Capozzoli, J. (dissenting).

It is settled law that, in the absence of a specific provision in a lease providing otherwise, the burden of paying taxes is on the landlord. (Black v. General Wiper Supply Co., 305 N. Y. 386, 392.) In this case we find that the lease does make provision for payment of taxes by the plaintiff under certain conditions. Therefore, it is necessary to refer to the particular provisions of the lease which deal with this subject and ascertain therefrom what was' the.intention of the parties, for that is what controls.

Article X of the lease, in pertinent part, provides as follows: “ In the event the real estate taxes, as hereinafter defined, payable on the leased premises during the third lease year, as hereinafter defined, shall in any subsequent lease year be greater in amount, the Tenant shall pay to the Landlord as additional rent for each subsequent lease year an amount equal to such increase in real estate taxes. In the event the leased premises are not separately assessed for the purpose of real estate taxes the increase in real estate taxes shall be computed and payable as hereinafter stated. ’ ’

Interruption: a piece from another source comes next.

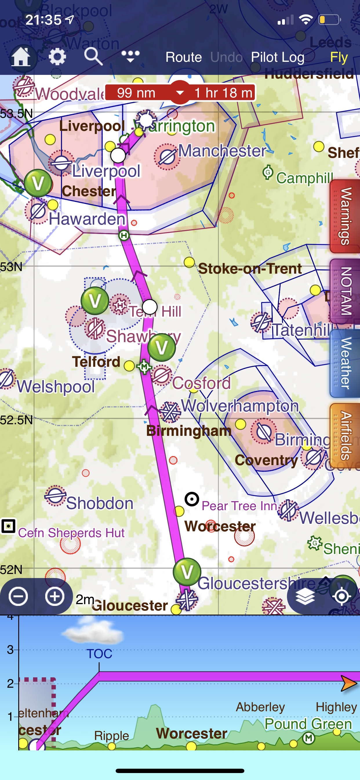 I had planed the route on SkyDemon meticulously, booked out, checked the fuel for the duration with enough for a good reserve, and headed out. I had G-OASH for the whole weekend, I put my overnight bag in the footwell of the passenger side, frequencies list on the seat and started up. It was a nice day in Gloucester, with some rain forecast between 10 and 11 in Manchester but nothing to stop play. I headed out to the North, setting a course for 310deg which would take me to the West of Worcester and Wolverhampton, East of Shrewsbury and a direct line to access the Low Level Corridor at Chester.

Said article then further provides that, in the event of a tax increase on the total land area, the tenant should bear his proportionate share based on the land area and that ‘ ‘ Tenant shall pay to the Landlord such pro rata portion of the increase in real estate taxes as shall be determined by the application of such ratio to the amount of the increase in such real estate taxes paid by the Owner * * * of the said larger land area with which the land embraced in the leased premises or part thereof maybe assessed.” (Emphasis added.)

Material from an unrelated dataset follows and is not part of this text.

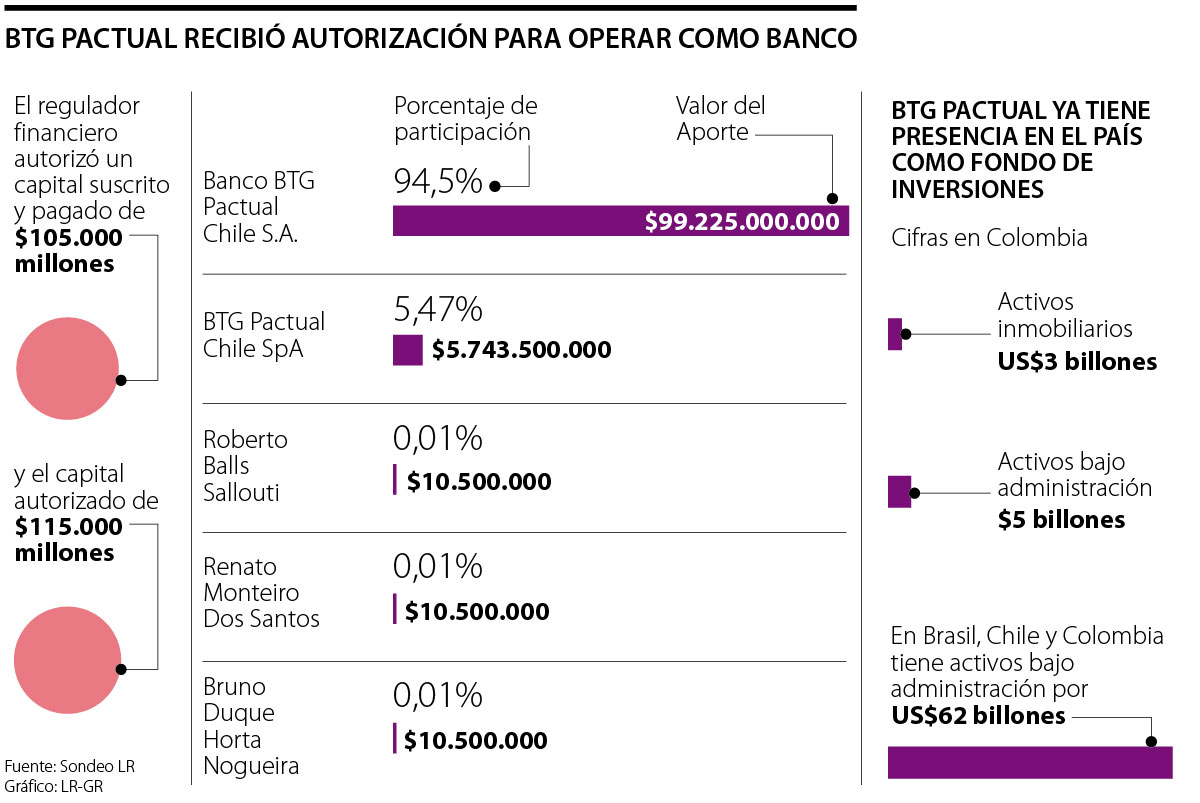 El regulador financiero autorizó un capital suscrito y pagado en la fecha de constitución de la entidad bancaria de $105.000 millones, de los cuales 94,5% será aportado por el Banco BTG Pactual Chile S.A. El capital total autorizado es de $115.000 millones.

*463Similarly, in the following paragraph, it is provided that the tenant’s portion be based on “ the amount of the increase in real estate taxes paid by the respective owners ” (emphasis added).

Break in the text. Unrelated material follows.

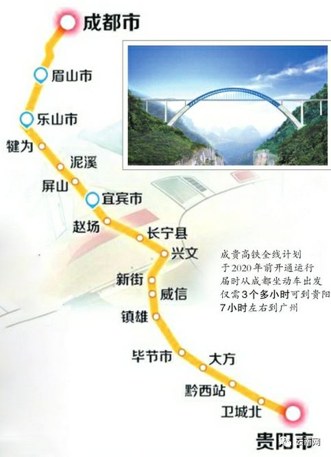 按照此前报道,如果一切顺利全线预计2020年前通车。成贵铁路为我国“八纵八横”高速铁路网中兰(西)广大通道的重要组成部分,在成都与西成高铁相连在贵阳与贵广高铁、沪昆高铁相连,不仅承担着西南地区省市间的城际、区(县)际客流运输功能,同时兼顾西南、西北地区与华南地区的长途客流运输功能。

Nowhere in article X, nor elsewhere in the lease, is there any indication that the parties contemplated that, at any time during the 15-year term of the lease, there would be an exempt status applicable to any then landlord. Had this been contemplated, it would have been a very simple matter to draft appropriate language to cover the contingency. The language used in article X refers to taxes actually paid by the defendant landlord.

‘1 In the case of doubt * * * the tax clause should be construed most strongly against the lessor and most favorably to the lessee.” (51 C. J. S., Landlord and Tenant, § 360, p. 1055.) It is conceded that no increase in taxes was actually paid. It would require a rewriting of the lease to fix upon the plaintiff the obligation to actually pay that which defendant might have had to pay if it were not exempt. Certainly, we cannot11 remake the lease so as to impose obligations on the tenant that the parties never had in mind ”. (Wendel Foundation v. Moredall Realty Corp., 282 N. Y. 239, 246.) This is especially so where, as here, the defendant, by reason of its tax exemption, is not paying any increase over the amount of taxes actually paid by the prior nonexempt landlord for the “ Lease Base Year ”.

I therefore dissent and vote to award plaintiff judgment, as provided in paragraph “23” of the submission.

Eager and Bastow, JJ., concur with McNally, J.; Capozzoli, J., dissents in opinion in which, Stevens, J. P., concurs.

Judgment for defendant as provided in paragraph “24” of the submission, with $50 costs and disbursements. Settle judgment.